The following code block sorts and prepares the image paths for processing from the SoccerNet dataset.



In [None]:
player_id_dir = os.listdir("/kaggle/input/soccernet/Data/SoccerNet/jersey-2023/train/train/images")
player_id_dir = natsorted(player_id_dir)
player_id_dir = ["/kaggle/input/soccernet/Data/SoccerNet/jersey-2023/train/train/images/"+i+"/" for i in player_id_dir]
img_paths = [os.path.join(directory, filename) for directory in player_id_dir for filename in os.listdir(directory)]

In [None]:
len(img_paths)

#### Image Processing and Saving

In [None]:
# Function to process images
def process_and_save_image(img_path):
    try:
        image = preprocess_image(img_path)
        if image is not None and image[0] == "no_jersey":
            dest_path = "/kaggle/working/soccernet/jersey-2023/train/train/blur_no_jersey_images/" + img_path.split("/")[-2] + "/" + img_path.split("/")[-1]
        elif image is not None and image[0] == "jersey":
            dest_path = "/kaggle/working/soccernet/jersey-2023/train/train/images/" + img_path.split("/")[-2] + "/" + img_path.split("/")[-1]
        cv2.imwrite(dest_path, img=image[1])
    except Exception as e:
        print(f"Error processing image {img_path}: {str(e)}")
        pass

# Main function
def main():
    start_time = time.time()
    
    with concurrent.futures.ThreadPoolExecutor() as executor:
        executor.map(process_and_save_image, img_paths)

    end_time = time.time()
    elapsed_time = end_time - start_time
    print("Time consumed:", elapsed_time, "seconds")

if __name__ == "__main__":
    main()

## Data Creation Procedure

### Preprocessing and Function Implementation
1. **Preprocessing Steps:** Initially, complete the preprocessing steps required for the image extraction and processing tasks.
2. **Function Implementation:** Implement necessary functions for image extraction and processing to facilitate subsequent steps.

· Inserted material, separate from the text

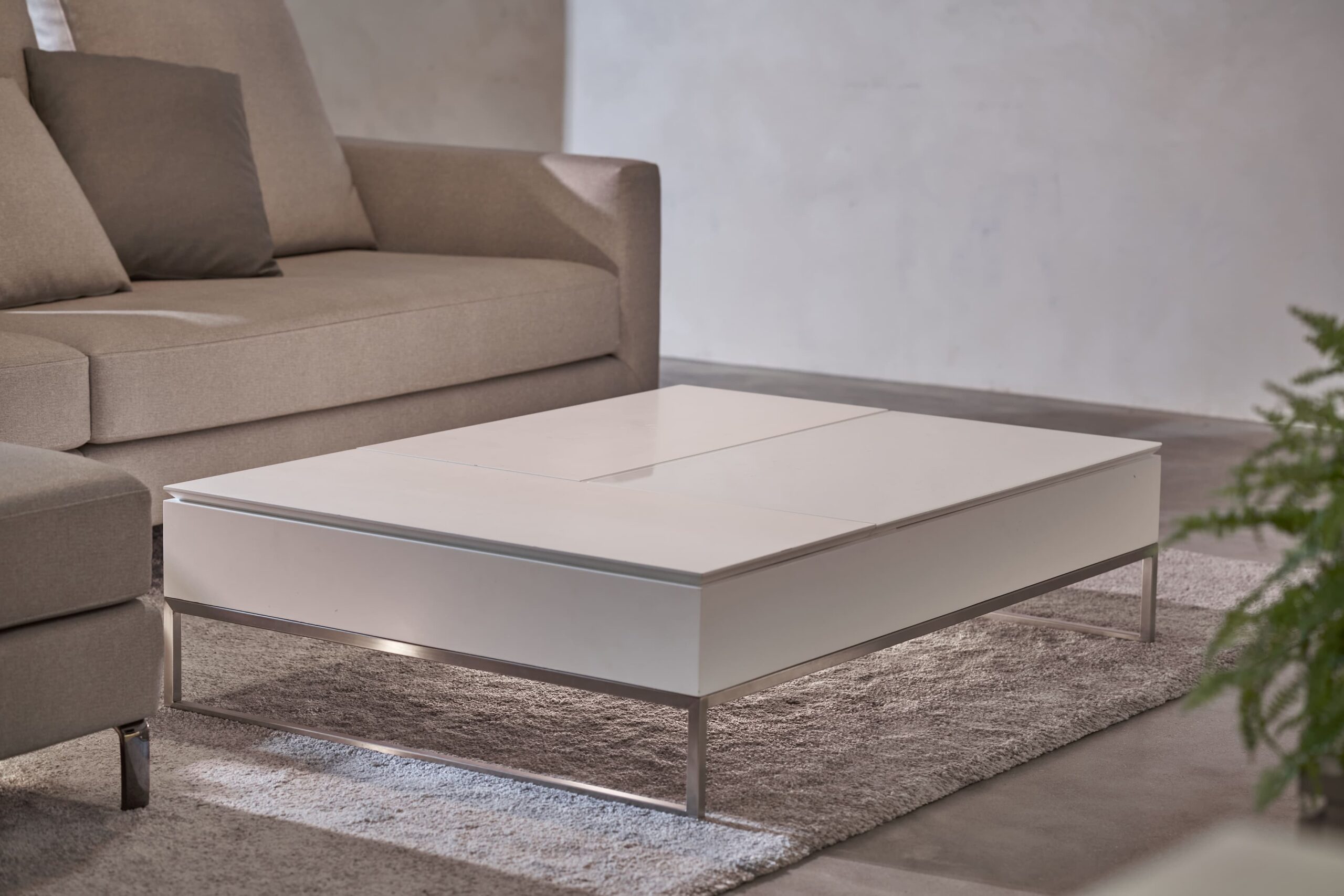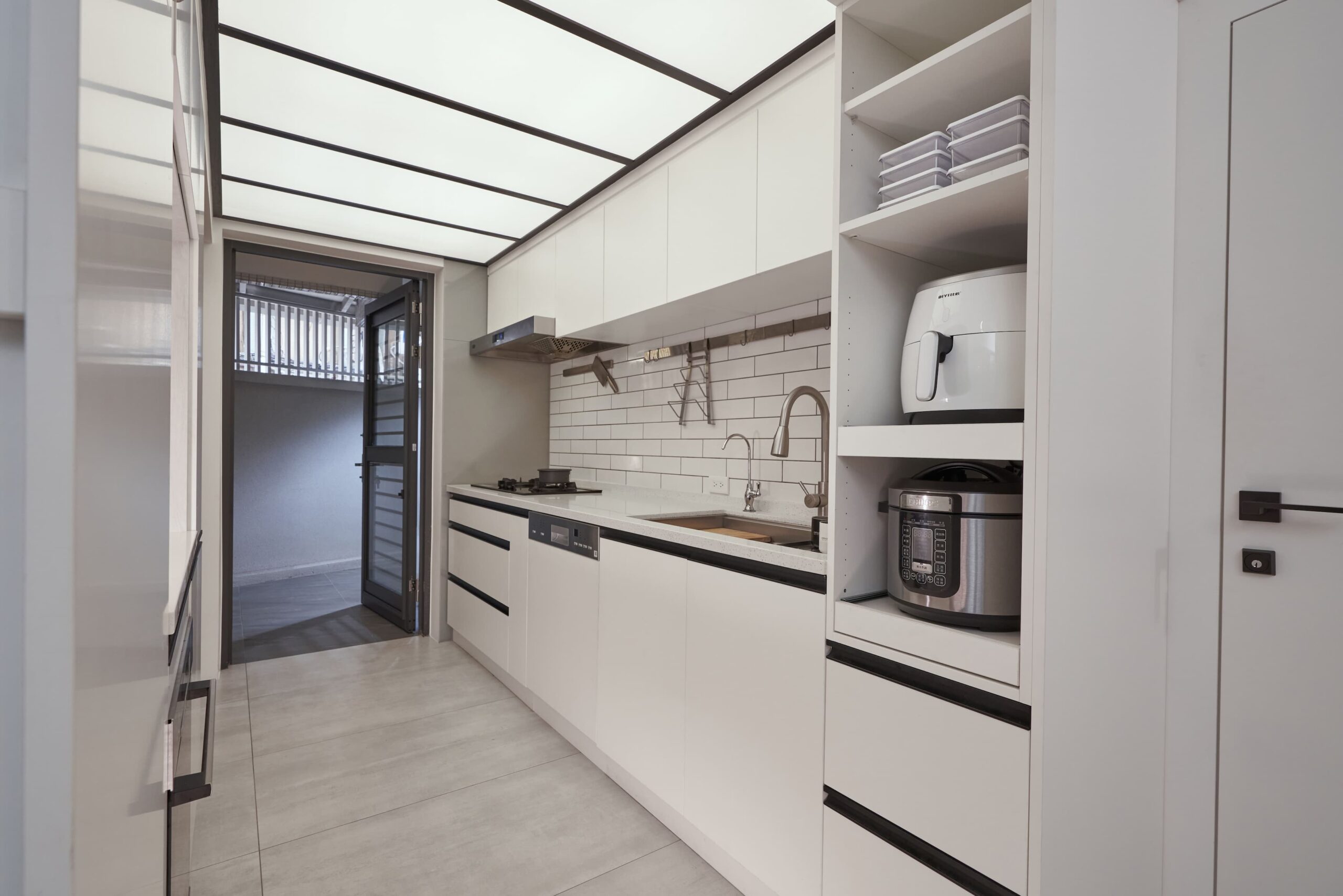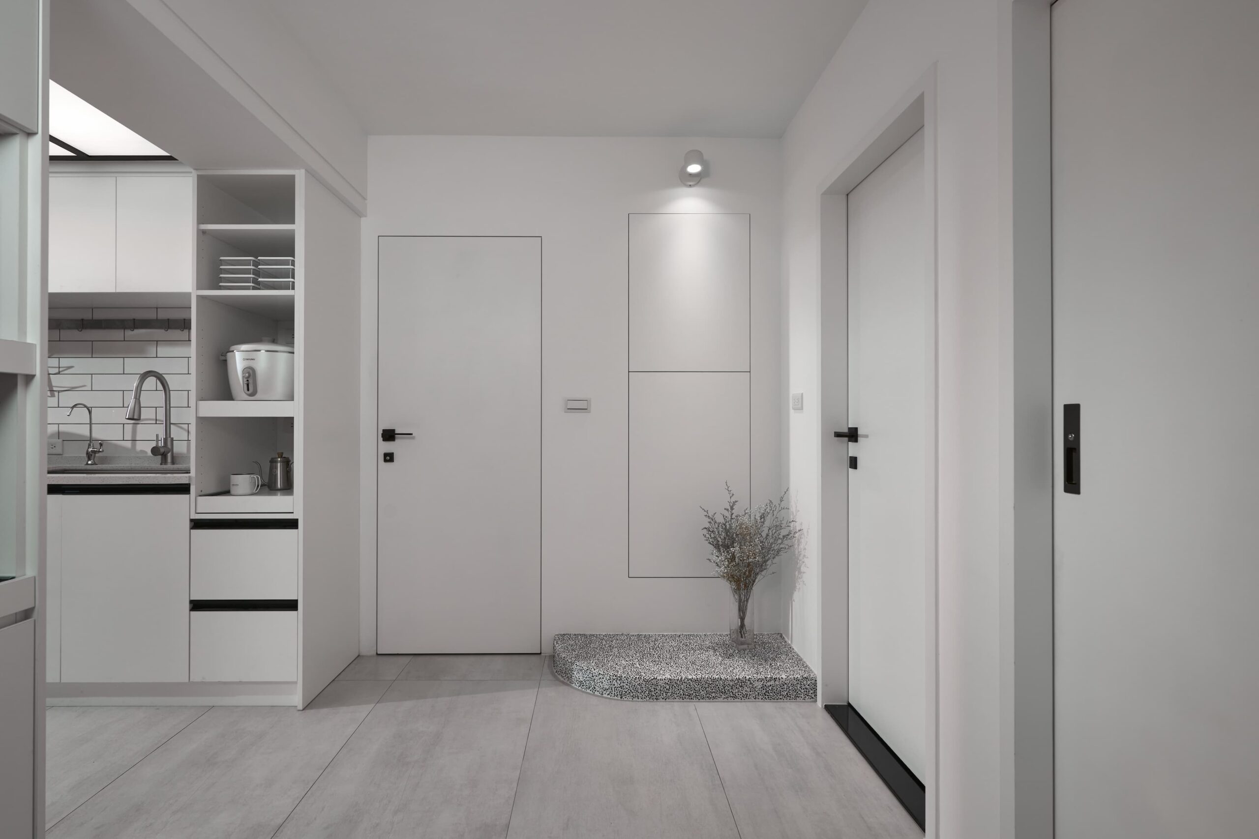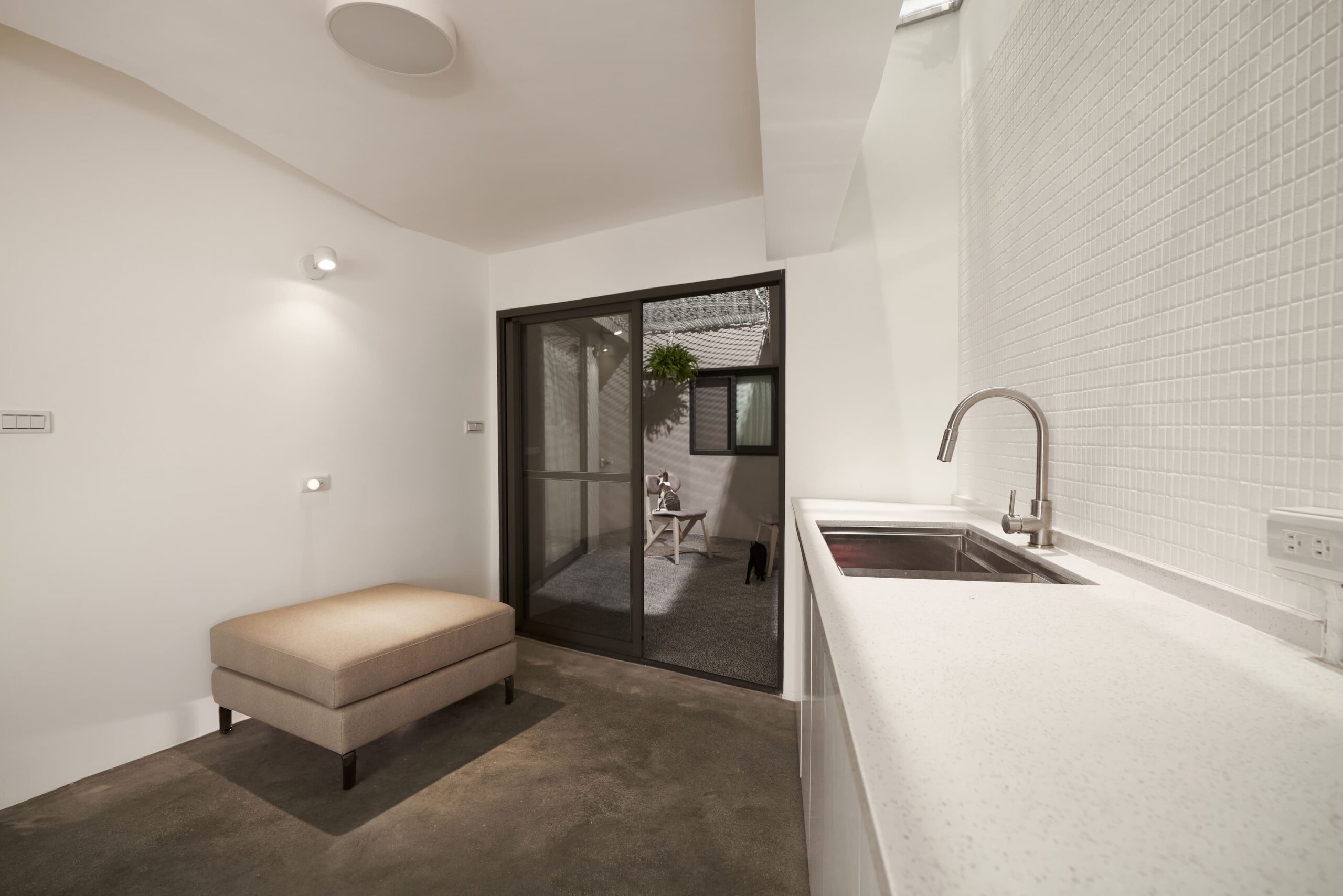 整體空間以素色油漆及水泥原色作為空間背景,強調人與傢俱間的活動,訂製樺木夾板長桌作為交流場所,與側邊水平層板呼應空間軸向性。在成員有不同活動使用情況下,藉由交誼區確保公私領域的獨立性,親友來訪時,好客的主人可以盡地主之誼提供一個放鬆的場所,賓主盡歡。

### Grouping Extracted Jersey Numbers
1. **Reading Ground Truth JSON File:**
```python
   with open(r'Data\SoccerNet\jersey-2023\test\test\test_gt.json', 'r') as file:
       data = json.load(file)
```
2. **Defining Labels and Paths:**
```python
    labels = []
    paths = []
    for i in range(len(data)):
        for j in os.listdir(path_to_preprocessed_extracted_jersey_no_images + str(i)+"/"):
            label = data[str(i)]
            path = path_to_preprocessed_extracted_jersey_no_images + str(i)+"/"+j
            labels.append(label)
            paths.append(path)
```
3. **Creating DataFrame:**
```python
    df = pd.DataFrame({"img_path": paths, "label": labels})
```

4. **Sorting DataFrame by Label:**
```python
    grouped = df.sort_values(by=['label'])
```
5. **Creating Directories for Data Storage:**
```python
    unique_labels = list(set(data.values()))
    for label in unique_labels:
        os.makedirs("test/test/images/" + str(label), exist_ok=True)
```
6. **Grouping Jersey Extracts with Corresponding Labels:**
```python
    for _, row in grouped.iterrows():
        label = row["label"]
        source = row["img_path"]
        destination = "test/test/images/" + str(label) + "/"
        try:
            shutil.copy(source, destination)
            print("File copied successfully.")
        except shutil.SameFileError:
            print("Source and destination represent the same file.")
        except PermissionError:
            print("Permission denied.")
        except Exception as e:
            print(f"Error occurred while copying file: {e}")
```
### Manual Data Cleaning
* After the initial data organization step, manual data cleaning was conducted.
* Each extracted image was carefully inspected to remove any erroneous or irrelevant samples.
* The cleaning process ensured that only high-quality and relevant data remained for further analysis and model training.